Set down the lines that begin at the top of the records and end with the line containing "日光によるフェード、洗濯によ", and drop every picture.

=======

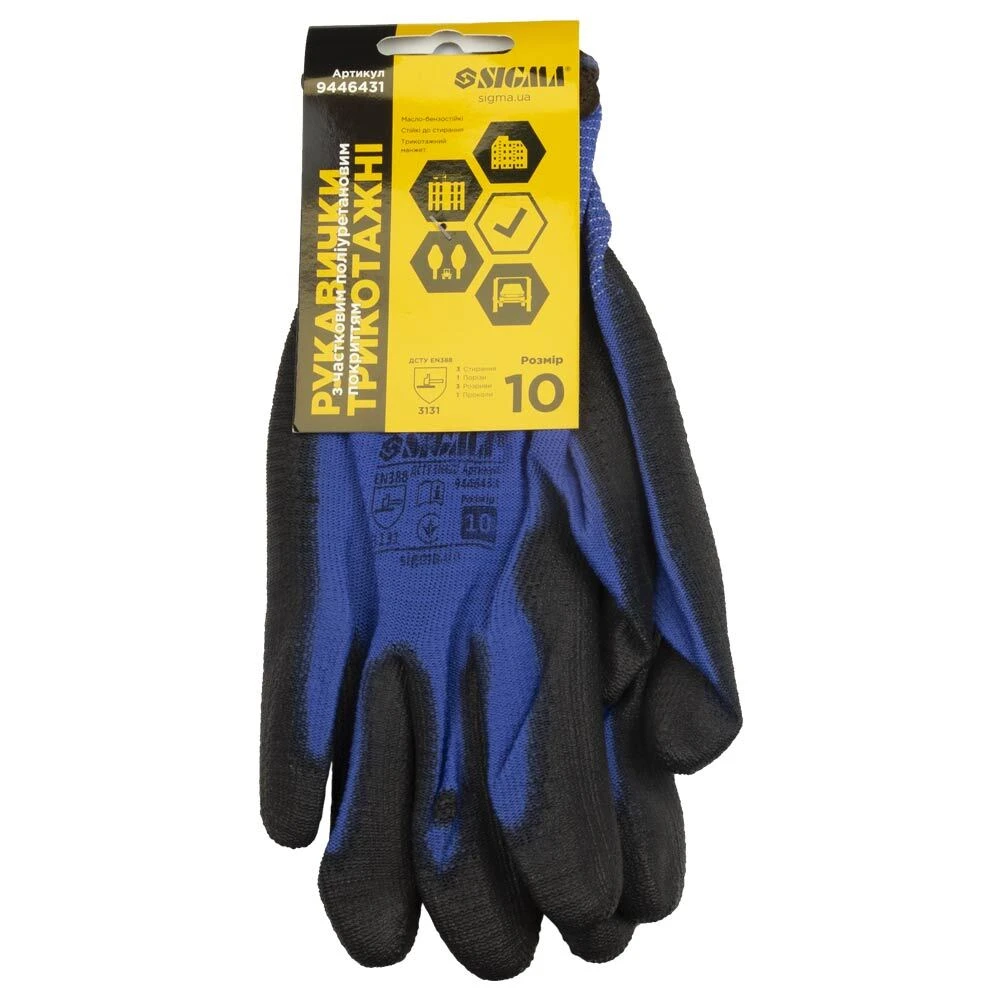 Рукавички трикотажні з частковим ПУ покриттям р10 (синьо-чорні манжет) SIGMA (9446431)
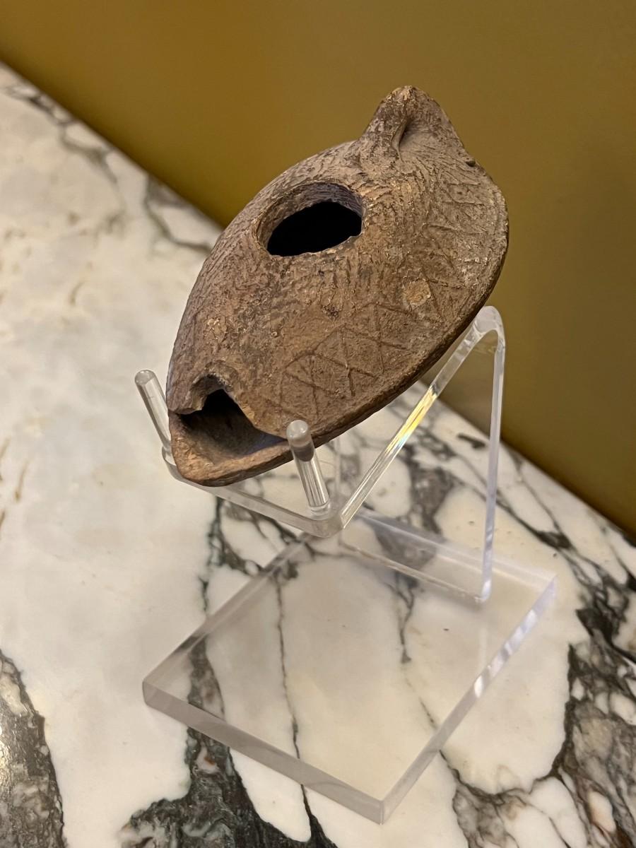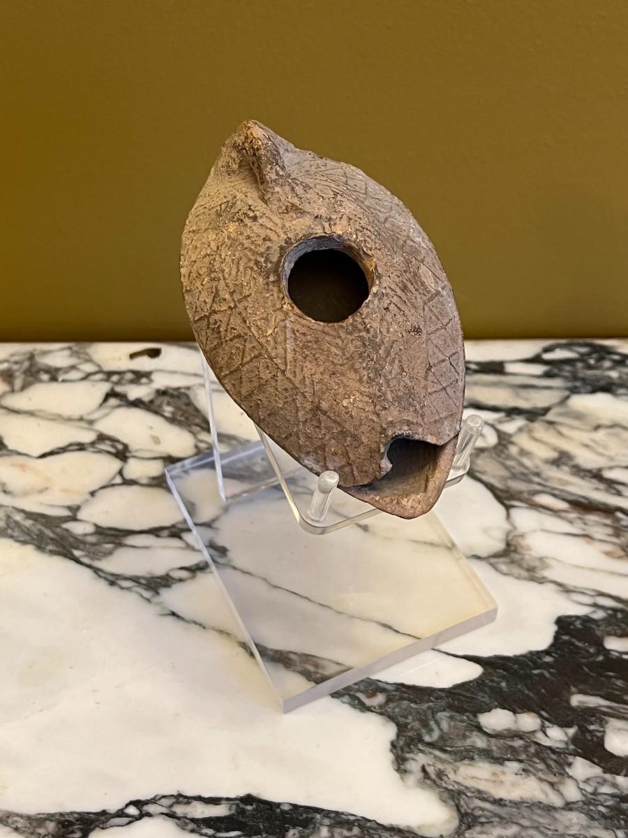 Antique Terracotta Oil Lamp w/ Display Pedestal
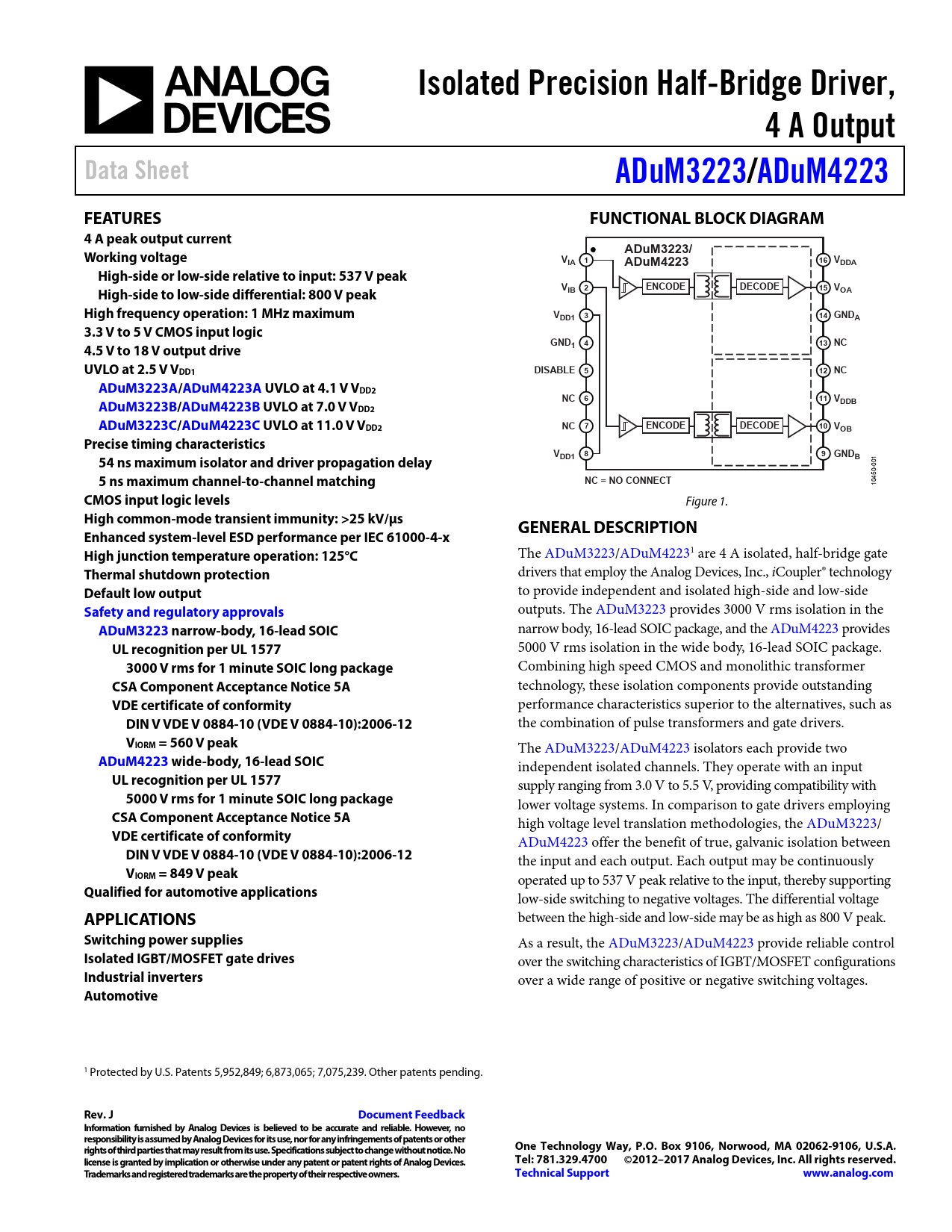 Isolated Precision Half-Bridge Driver,. 4 A Output. Data Sheet. ADuM3223/. ADuM4223. FEATURES. FUNCTIONAL BLOCK DIAGRAM
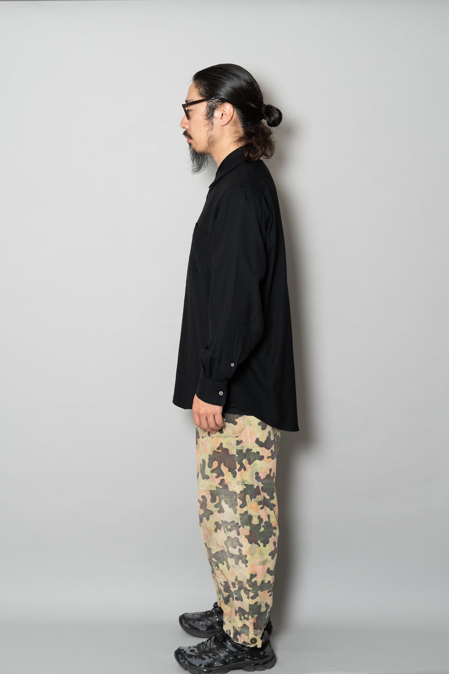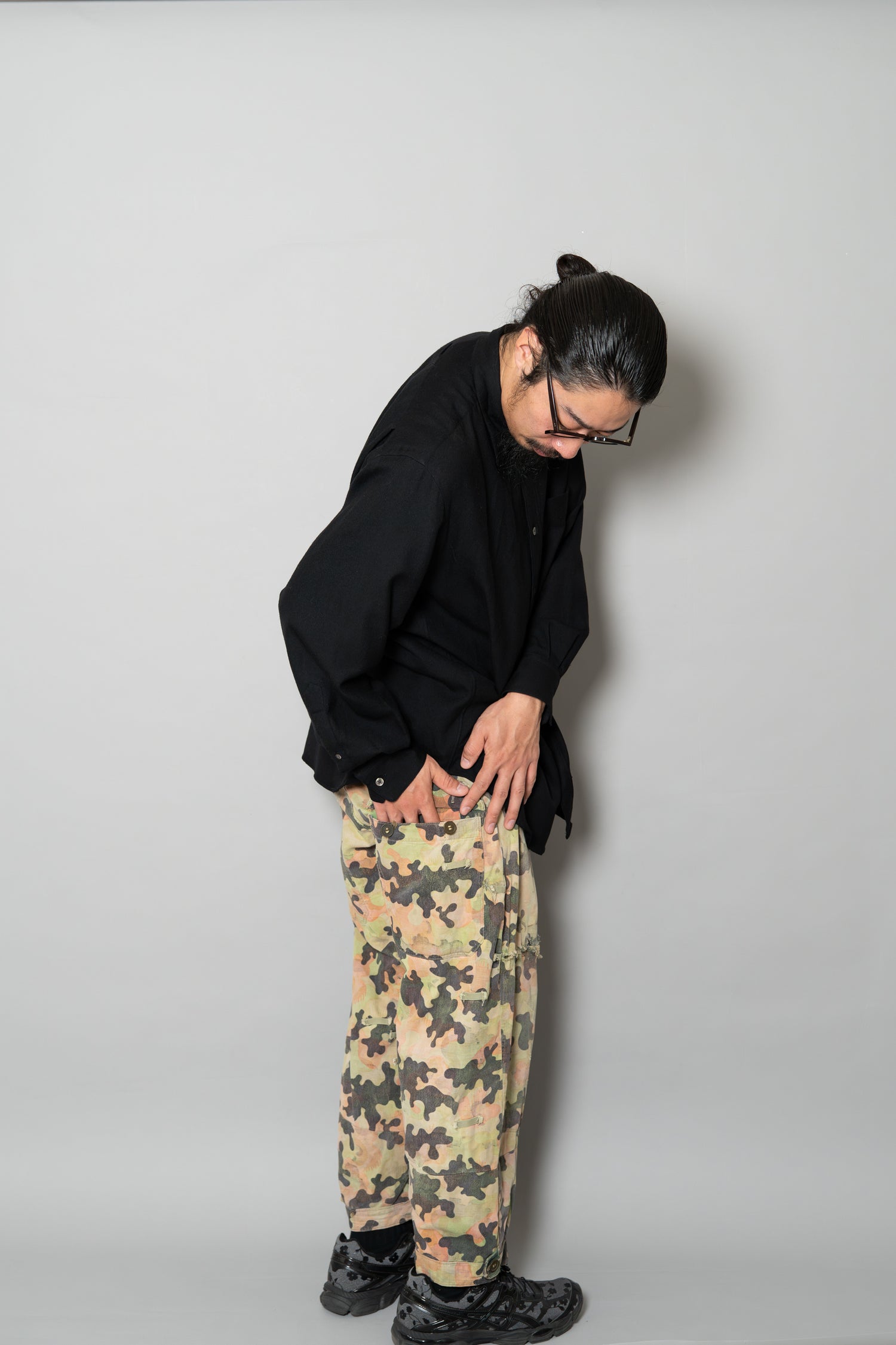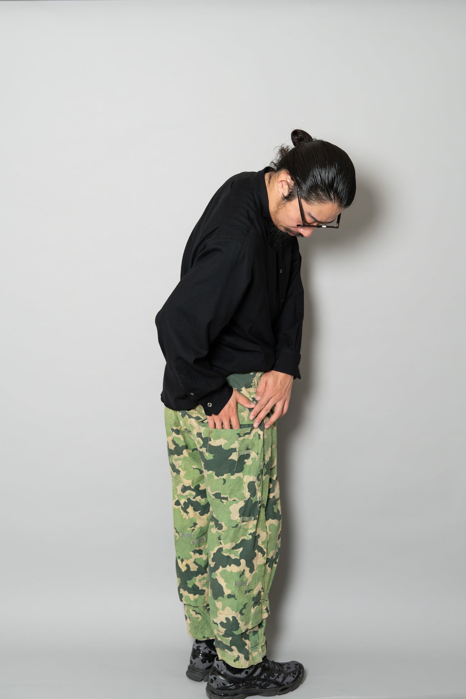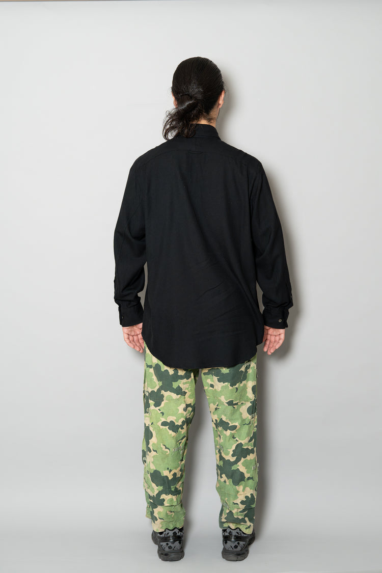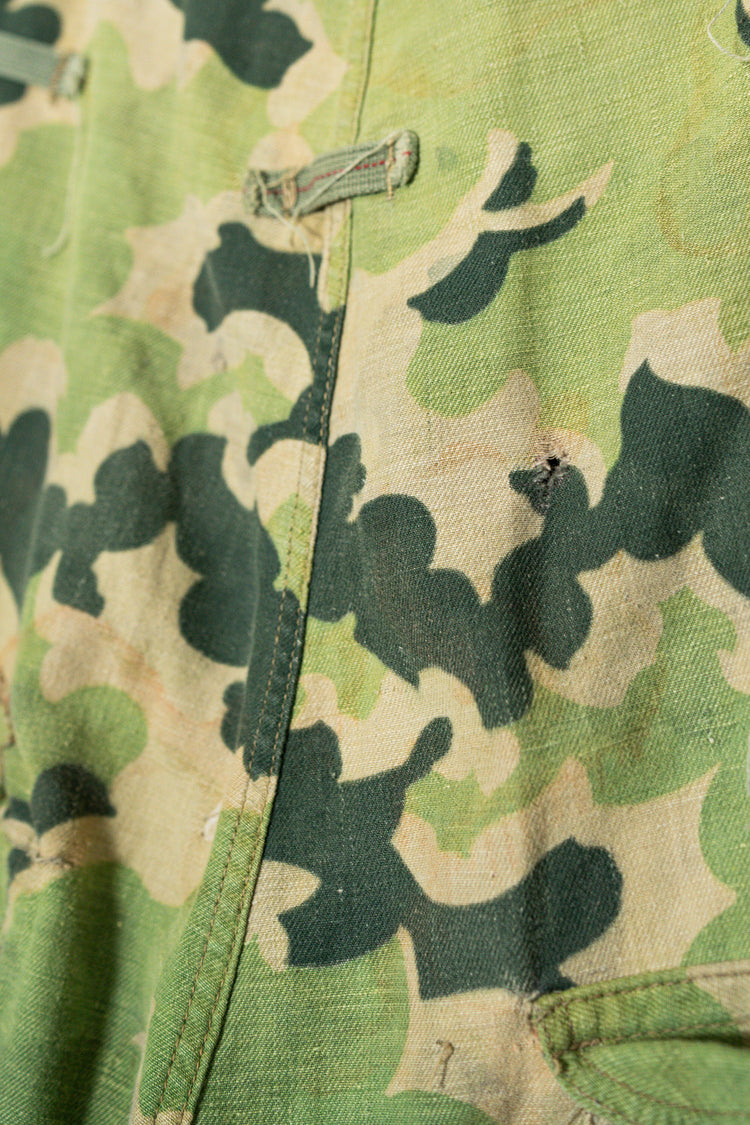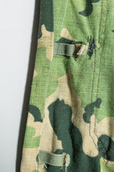 日光によるフェード、洗濯による僅かな縮み、生地の柔らかい落ち感。新品では見ることのできない“時間のレイヤー”が迷彩の抽象性と重なり、まるで絵画のエイジングのように深みを増しています。カモ柄の輪郭が淡く滲み、トーンが落ち着くことで、自然と現代服にも馴染む洗練された表情へと変貌しているのです。
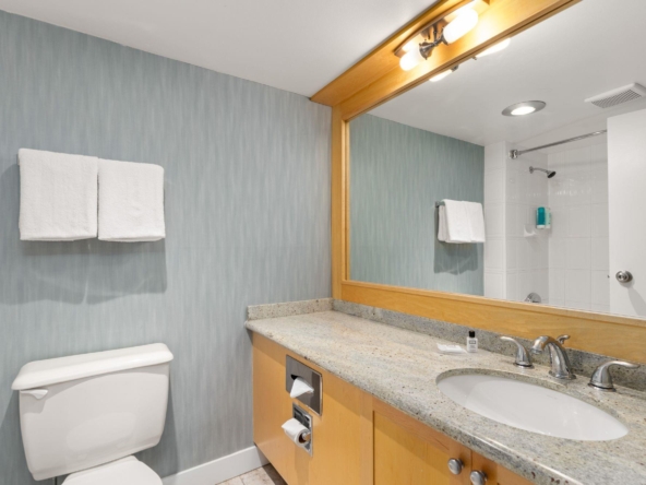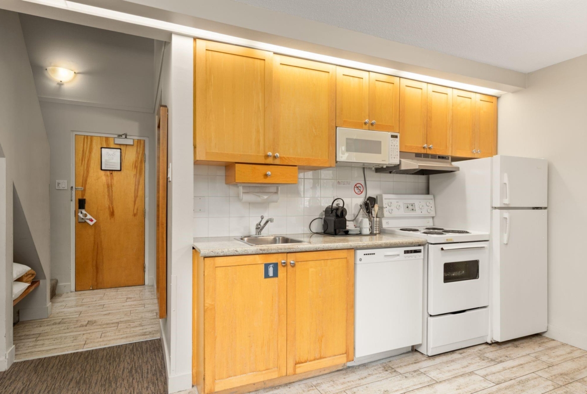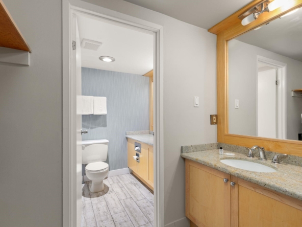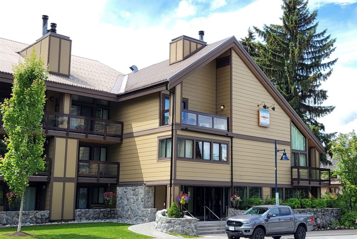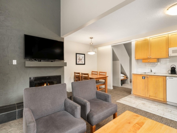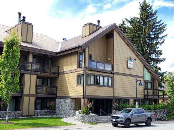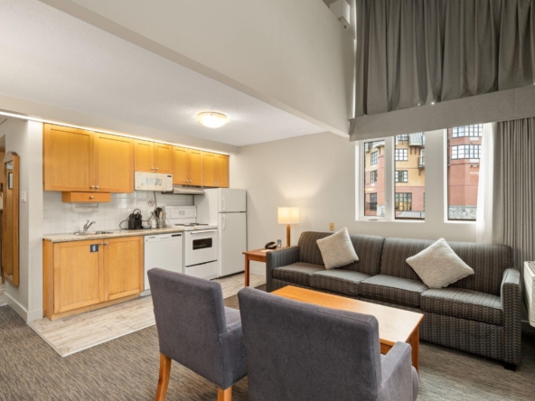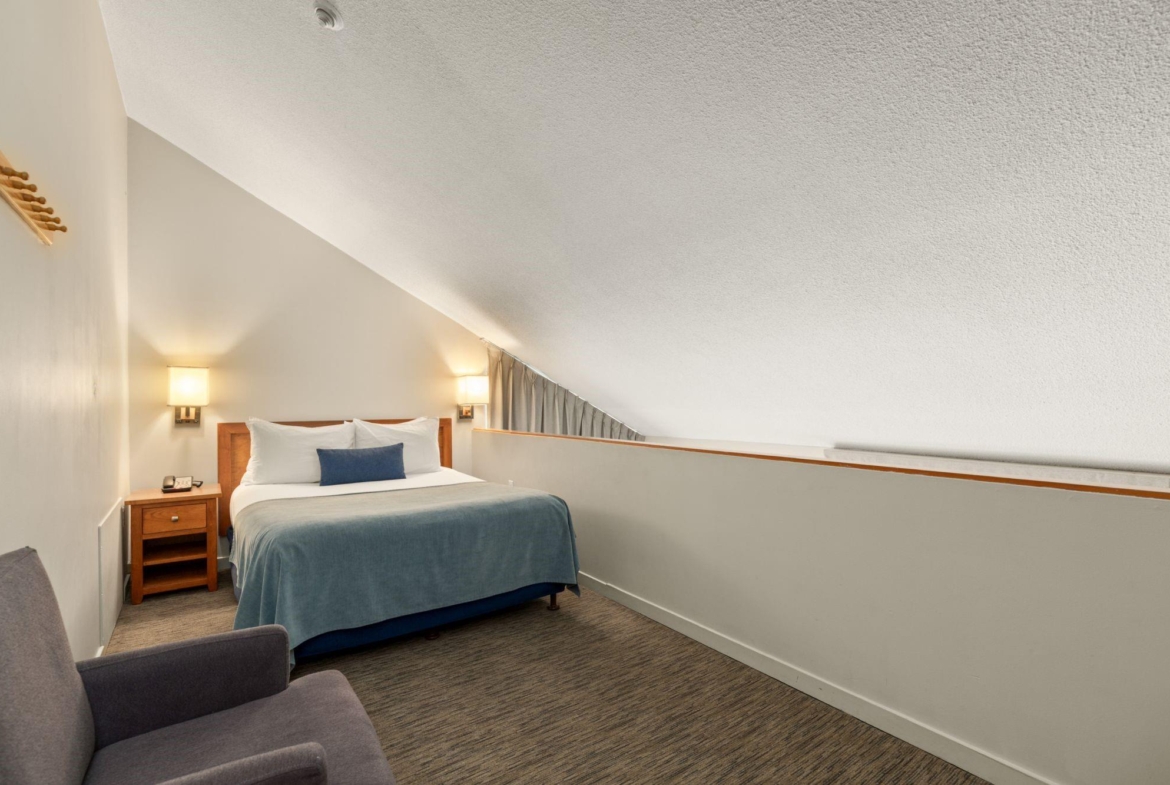 Whistler Village Inn & Suites, Powder Lodge. This bright corner studio features a welcoming living area, peeks of the mountains, and a lofted sleeping area. Steps from the base of Whistler Mountain and the gondolas. This is one of the best value entry points into the Whistler market you will find at this location. As a Phase 2 property, owners enjoy up to 28 days of personal use in summer and winter, while hotel-managed rentals generate revenue the rest of the year. Amenities include a year-round outdoor pool, hot tubs, sauna, fitness room, underground parking, and front desk service.

=======

**TASK OUTPUT**
 Рукавички трикотажні з частковим ПУ покриттям р10 (синьо-чорні манжет) SIGMA (9446431)
 Antique Terracotta Oil Lamp w/ Display Pedestal
 Isolated Precision Half-Bridge Driver,. 4 A Output. Data Sheet. ADuM3223/. ADuM4223. FEATURES. FUNCTIONAL BLOCK DIAGRAM
 日光によるフェード、洗濯による僅かな縮み、生地の柔らかい落ち感。新品では見ることのできない“時間のレイヤー”が迷彩の抽象性と重なり、まるで絵画のエイジングのように深みを増しています。カモ柄の輪郭が淡く滲み、トーンが落ち着くことで、自然と現代服にも馴染む洗練された表情へと変貌しているのです。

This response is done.